The more powerful the gravitational force of a planet, the greater its escape speed, \(v,\) and the greater the gravitational acceleration, \(g\), at its surface. However, in Table 12.1 , the value for \(v\) is much greater for Uranus than for Earth - but \(g\) is smaller on Uranus than on Earth! How can this be?

a) What is the total force on \(m_{1}\) due to \(m_{2}, m_{3},\) and \(m_{4}\) if all four masses are located at the corners of a square of side \(a\) ? Let \(m_{1}=m_{2}=m_{3}=m_{4}\). b) Sketch all the forces acting on \(m_{1}\).

Standing on the surface of a small spherical moon whose radius is \(6.30 \cdot 10^{4} \mathrm{~m}\) and whose mass is \(8.00 \cdot 10^{18} \mathrm{~kg}\) an astronaut throws a rock of mass 2.00 kg straight upward with an initial speed \(40.0 \mathrm{~m} / \mathrm{s}\). (This moon is too small to have an atmosphere.) What maximum height above the surface of the moon will the rock reach?
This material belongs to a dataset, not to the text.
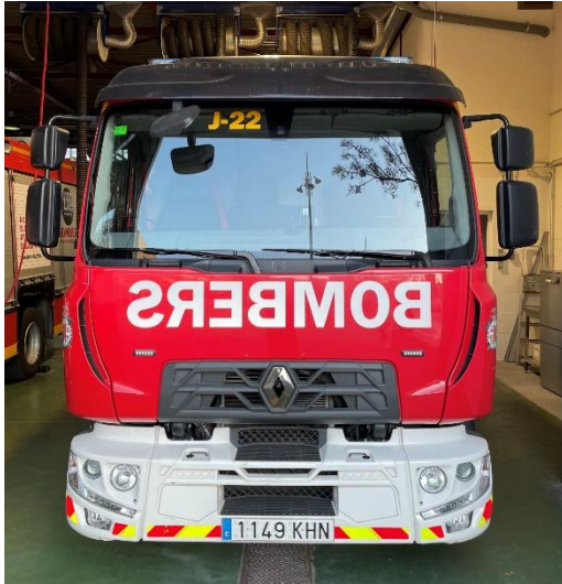
IMATGE FRONTAL ACTUAL: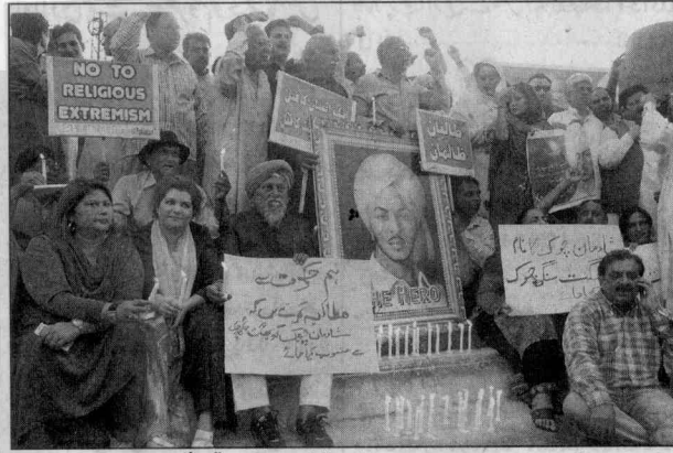
سول سوسائٹی کے ارکان شادمان چوک میں بھگت سنگھ کی برسی کے موقع پر شمعیں روشن کئے ہوئے

A satellite is in a circular orbit around a planet. The ratio of the satellite's kinetic energy to its gravitational potential energy, \(K / U_{\mathrm{g}}\), is a constant whose value is independent of the masses of the satellite and planet, and of the radius and velocity of the orbit. Find the value of this constant. (Potential energy is taken to be zero at infinite separation.)

Express algebraically the ratio of the gravitational force on the Moon due to the Earth to the gravitational force on the Moon due to the Sun. Why, since the ratio is so small, doesn't the Sun pull the Moon away from the Earth?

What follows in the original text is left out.